Convincing the world that he had found religion and that he put his faith in God, Iron-Shoed was released and told the world that the best was yet to come. Sadly, he could not deliver on his promise. The only thing that seemed to stay the same was that high-pitched voice that had charmed the world. The lightning speed that had once forced the racing world into submission was replaced by a fat, hollow, worthless piece of shit. In the Breeders' Cup, the richest race of the year, he bit the ear off of another horse in what seemed to be a momentary dive into insanity. He was temporarily banned from racing and required to seek anger management.
In desperate need of money, Iron-Shoed started a campaign to allow him to race somewhere, anywhere. On his name alone he got his wish: he was reinstated on a temporary basis in Kentucky for the purpose of participating in an undercard race. He spent weeks training and even began to get some of his speed back. There was hope that this might be a legitimate comeback. However, inexplicably, he got a tribal tattoo on his face the night before and got scratched from the race because the blinders hurt too much to wear.
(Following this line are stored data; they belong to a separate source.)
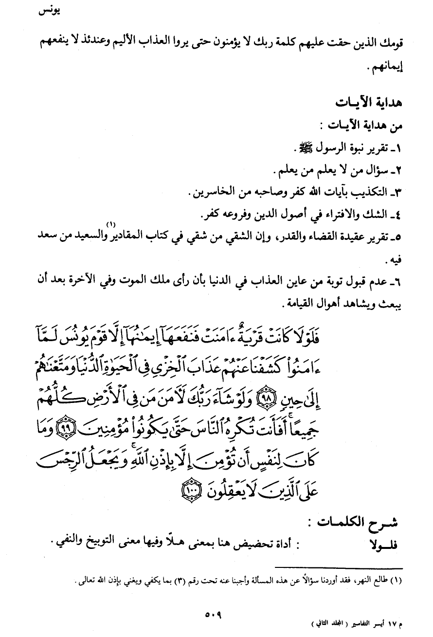 فَلَوْلاَ كَانَتْ قَرْيَةٌ آمَنَتْ فَنَفَعَهَا إِيمَانُهَا إِلاَّ قَوْمَ يُونُسَ لَمَّآ آمَنُواْ كَشَفْنَا عَنْهُمْ عَذَابَ الخِزْيِ فِي الْحَيَاةَ الدُّنْيَا وَمَتَّعْنَاهُمْ إِلَى حِينٍ (98) وَلَوْ شَاء رَبُّكَ لآمَنَ مَن فِي الأَرْضِ كُلُّهُمْ جَمِيعًا أَفَأَنتَ تُكْرِهُ النَّاسَ حَتَّى يَكُونُواْ مُؤْمِنِينَ (99) وَمَا كَانَ لِنَفْسٍ أَن تُؤْمِنَ إِلاَّ بِإِذْنِ اللهِ وَيَجْعَلُ الرِّجْسَ عَلَى الَّذِينَ لاَ يَعْقِلُونَ (100)
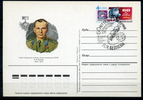 Почтовая карточка с ОМ и СГ. СССР 1985 г. 60-летие со ДР летчика-космонавта П.И.Беляева.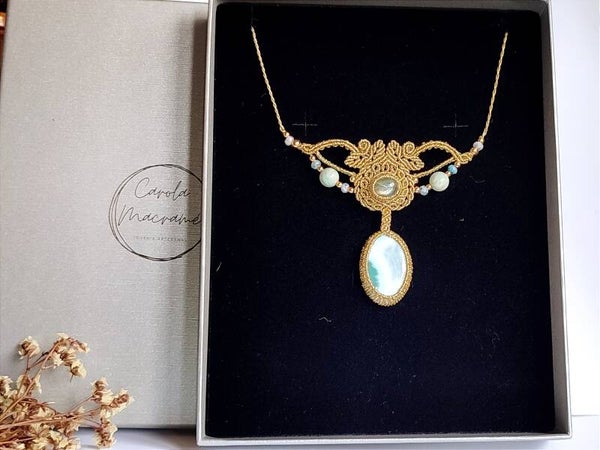 Collar o gargantilla ''Andrómeda'' con Larimar, Labradorita y Amazonitas. Dorado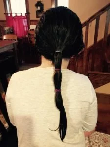 Unlike the boys, Bill’s mom, Faith, has often cut Allie’s and my hair, and there’ve been several times we’ve donated it to Wigs for Kids or Locks of Love. With a few careful, yet swift swipes with the scissors, she’s cut ten to twelve inches from ponytails held tight, that the hair might be bagged up and sent, used in the making of wigs for children undergoing cancer treatments or sufferers of alopecia areata.More than once, I’ve voiced my worry. “Will it be too short?” to which my mother-in-law replies–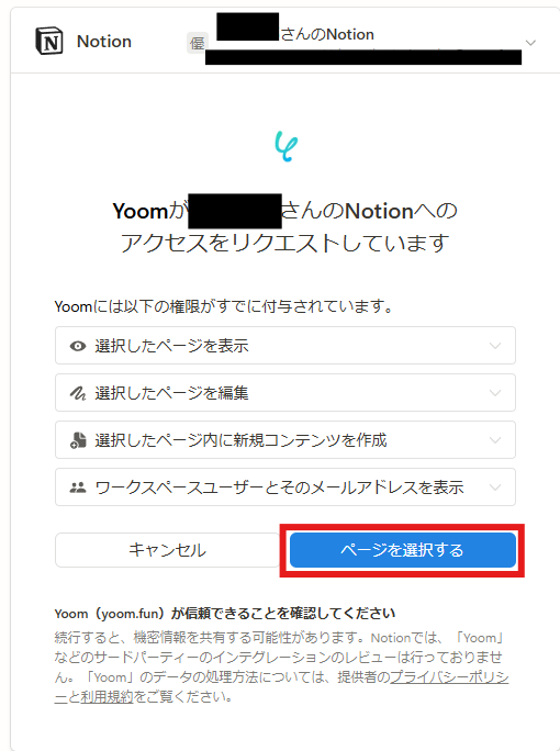 Notionのアクセス画面になるので、ページを選択するをクリックします。
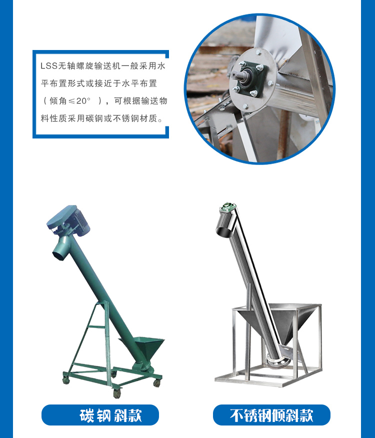 LSS無軸螺旋輸送機一般采用水平布置形式或接近于水平布置(傾角≤20°),可根據輸送物料性質采用碳鋼或不銹鋼材質。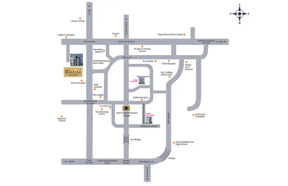 Varma Maalika Block I is located at S.N Junction Tripunithura, Kochi. With close proximity to the Kochi Metro, temples, shopping malls and schools this residential property has almost everything a royal lifestyle demands. Varma Maalika Block I has completed ahead of schedule and was inaugurated on 25 February 2018.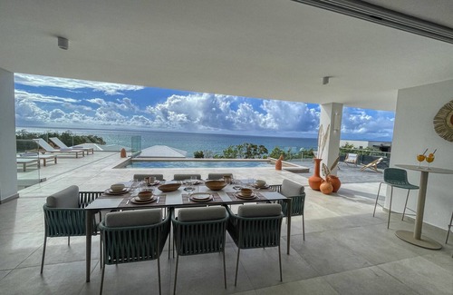 This incredible villa, offered by Antilles Exception, is located on the heights of a cliff overlooking Anse des Rochers, offering an exceptional view of the Atlantic Ocean and its islands (Marie-Galante, Les Saintes, Dominica).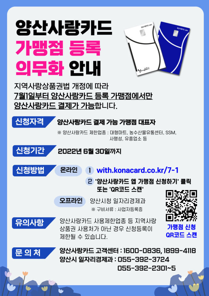 하지만 지역사랑상품권법 개정에 따라 양산사랑카드 가맹점 등록을 하지 않은 사업장은 7월 1일 이후부터는 양산사랑카드로 결제를 할 수 없다.

For every other horse, this would have been the last straw; there was speculation that he would be put down for insubordination. Amazingly, New York allowed him to participate with the stipulation that if any funny stuff happened, he would be forever banned from returning to the state. Of course, Iron-Shoed fucked up again. He showed up drunk off his ass and proceeded to run the race in the wrong direction. Somehow he managed to kick his jockey in the nuts while he was still riding him. And then it happened. Mike shot one of his iron shoes into the crowd, killing a 60-year-old WASP. But more importantly, he bloodied up a perfectly good seer-sucker suit. The fallen star had crashed. It was officially over.
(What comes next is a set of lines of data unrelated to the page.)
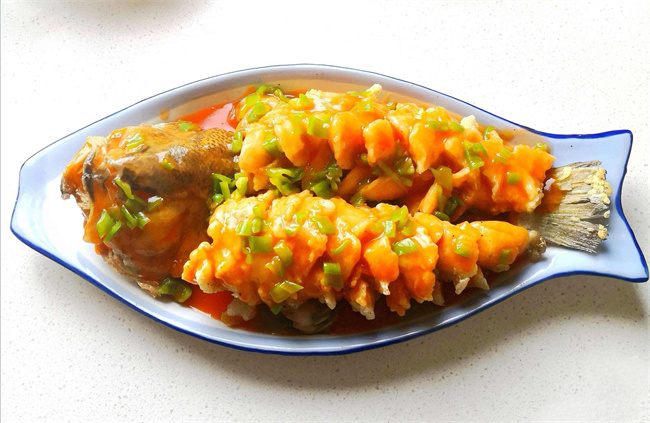糖醋鲈鱼外酥里嫩,酸甜可口,趁热食用口感最好。糖醋鲈鱼的制作方法稍微复杂一些,需要把洗干净的鲈鱼切去鱼头,再沿着脊骨把鱼肉用刀从鱼头片到鱼尾。另一面也要同样的操作,使鱼肉变成一条一条的挂在鱼脊骨上,再加入姜片、料酒、食盐、胡椒粉等调料抓匀腌制一会,裹上适当的淀粉,放入锅中油炸定型,表面焦黄后就要捞出来备用。再进行调糖醋汁,在锅中加入番茄酱、白糖、白醋和半碗清水大火煮开后加入适量淀粉水。煮至粘稠淋到鲈鱼上面就完成了,也可以撒上一些葱花和松子,起到提味和美观的作用。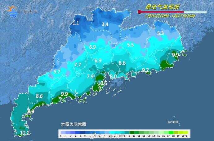 预计1月27日-29日,广东大部以多云到晴天气为主,天气寒冷,中北部市县最低气温2~5℃,高海拔山区零下3℃~0℃,有冰冻或霜冻。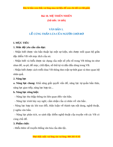 Bài 10. MẸ THIÊN NHIÊN (S t ố i t ế : 14 ti t ế ) VĂN BẢN 1.

Somehow, despite all of his indiscretions and violent behavior, nobody ever cut off his balls. His owner, clinging to memories, decided to retire him to stud, to the elation of Mike. Finally, he thought, he could get his rocks off without the nagging consensual issues. However, he soon learned that his dreams were simply fantasy. He didn't mount anything besides a cloth with a hole in it. He was humiliatingly jerked off by a strange man. People stared unimpressed by the freak show in front of them. Sadly, the years of questionable decision-making had rendered him sterile and he was put out to pasture.
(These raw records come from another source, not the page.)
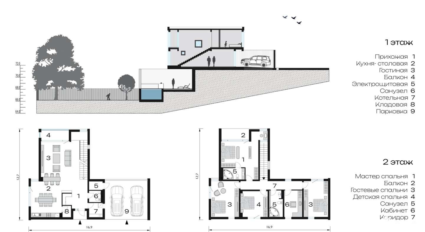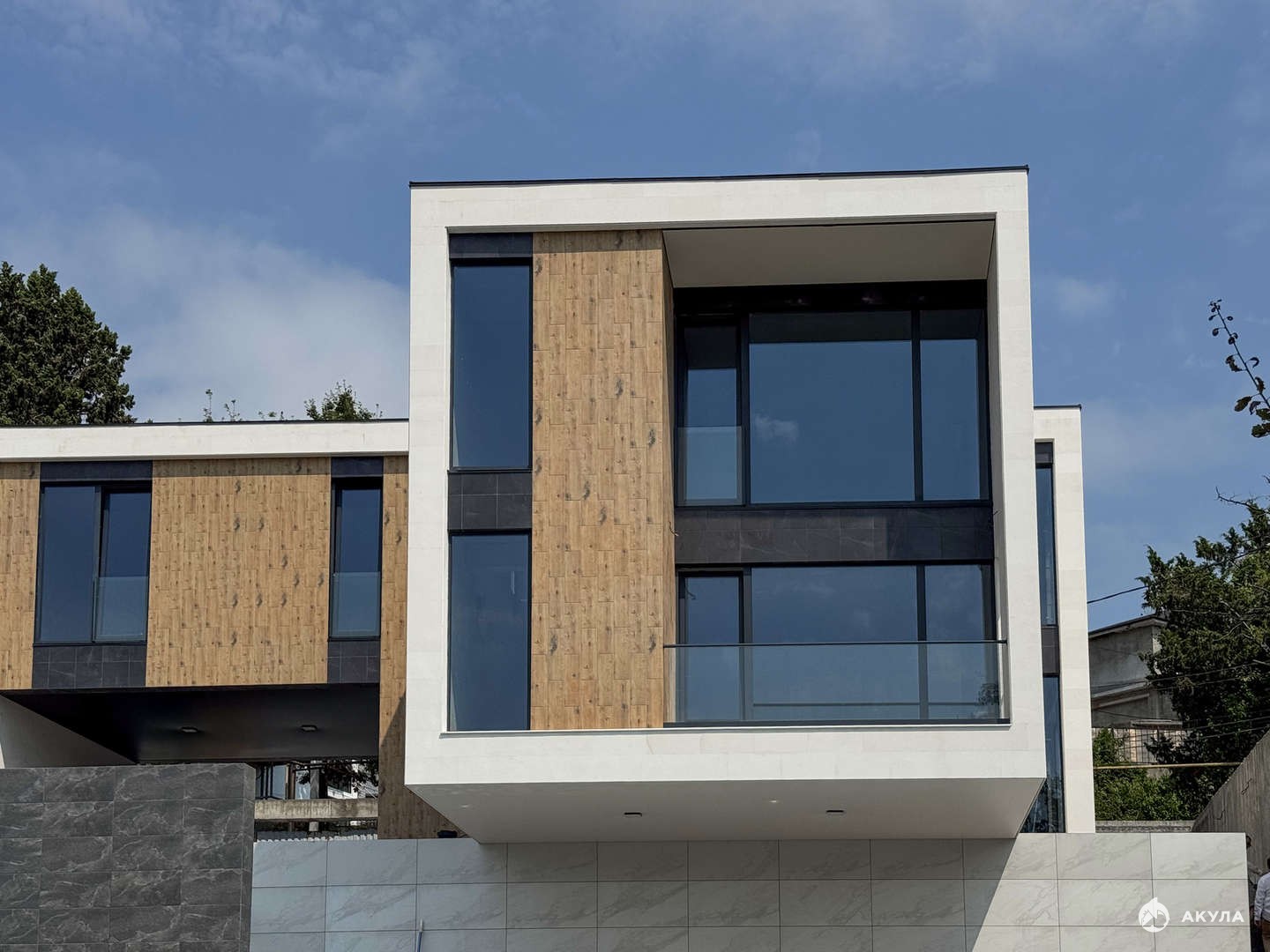 Современный архитектурный проект с высокими потолками и панорамным алюминиевым остеклением.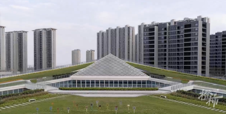 浙江版画院仅三个月时间就完成了展馆方案设计、装修改造、环境营造和道路绿化等工作,据介绍,版画院落地的之江邻里中心项目从规划之初便锁定“未来感”与“自然融合”核心理念:“金字塔”造型诠释“山水城林”未来图景,斜坡式结构将功能空间巧妙隐于地下,将整个屋顶转化为与地面公园无缝衔接的公共绿地,让场馆与自然生态和谐共生。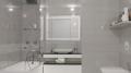 Коллекция «Джей» выполнена в двух классических оттенках камня. Плитки с геометрическим паттерном миксуют обе текстуры, что позволяет сочетать на стене как тёплые, так и холодные тона.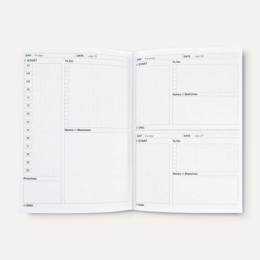 From The Completist: This is a 320 page layflat daily planner. It has a day per page for week days, and a page for the weekend. This lovely book is made by a family run music book maker right here in the U.K., and the inside sheets are made from music sheet paper. The cover is a luxurious, textured 250gsm G.F. Smith card. Comes packed in a card folio box making it perfect for gifting.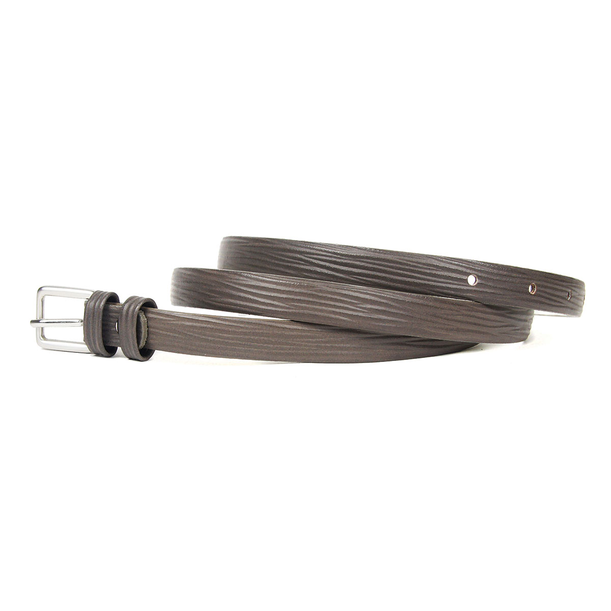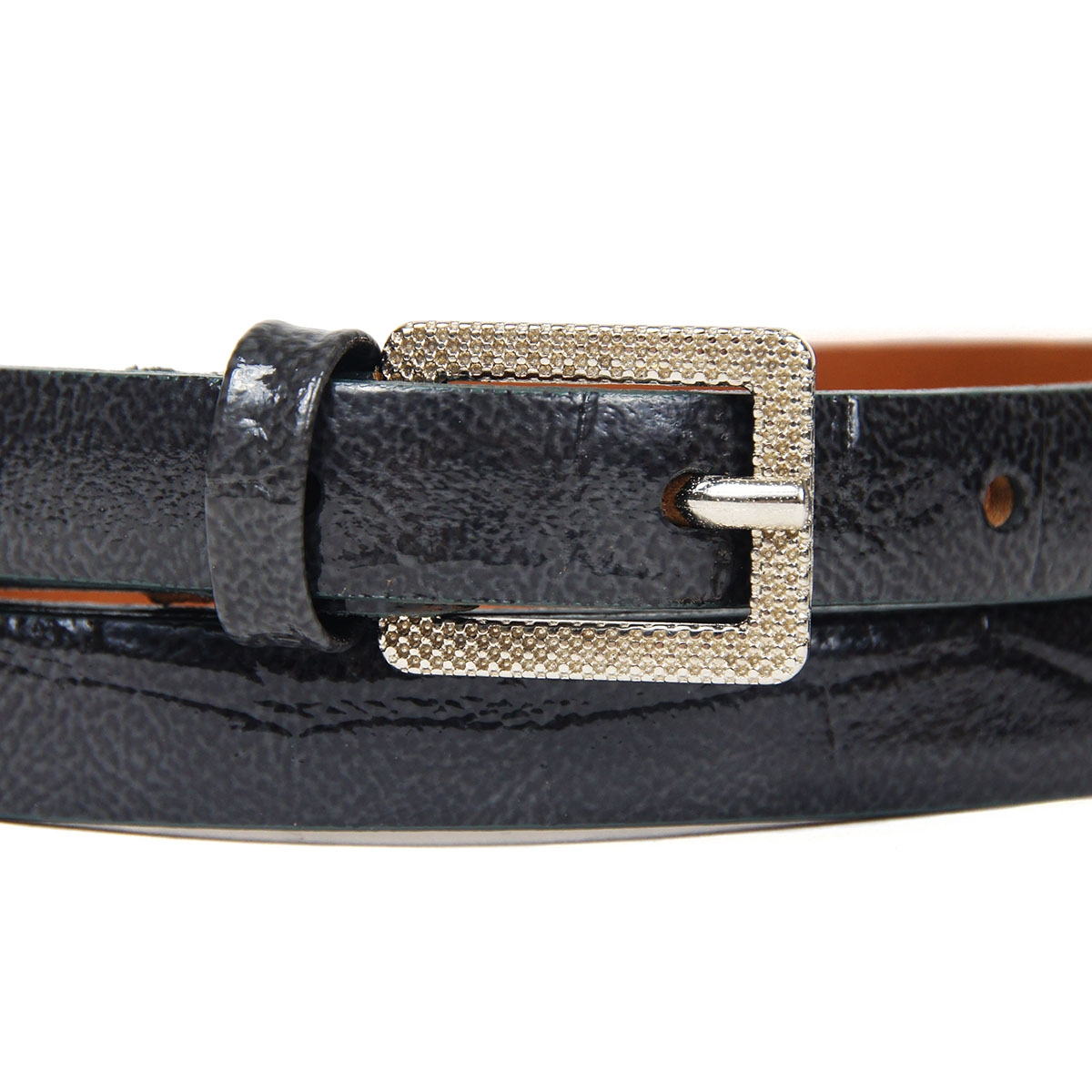 Женский ремень, выполненный из фактурной кожи, дополненный оригинальной пряжкой.

Iron-Shoed spent all of his time reliving his glory days, playing the greatest video game ever created because it was about him. However, his inability to overcome the charging Bald Bull made him snap. He began huffing glue in hope that he would somehow inhale part of the father that never loved him. Elmer gummies were the only thing that would numb the pain of a broken life. Three months later, Iron-Shoed Mike died when his stomach literally exploded. His habit had created a bowel obstruction the size of Robin Givens and he essentially died from horse shit build-up, kind of a fitting end to a steed that once carried the world on his saddle. Iron-Shoed Mike will be remembered for a lot of things, but perhaps mostly for the lesson that even the fastest of hooves can't outrun horse hubris.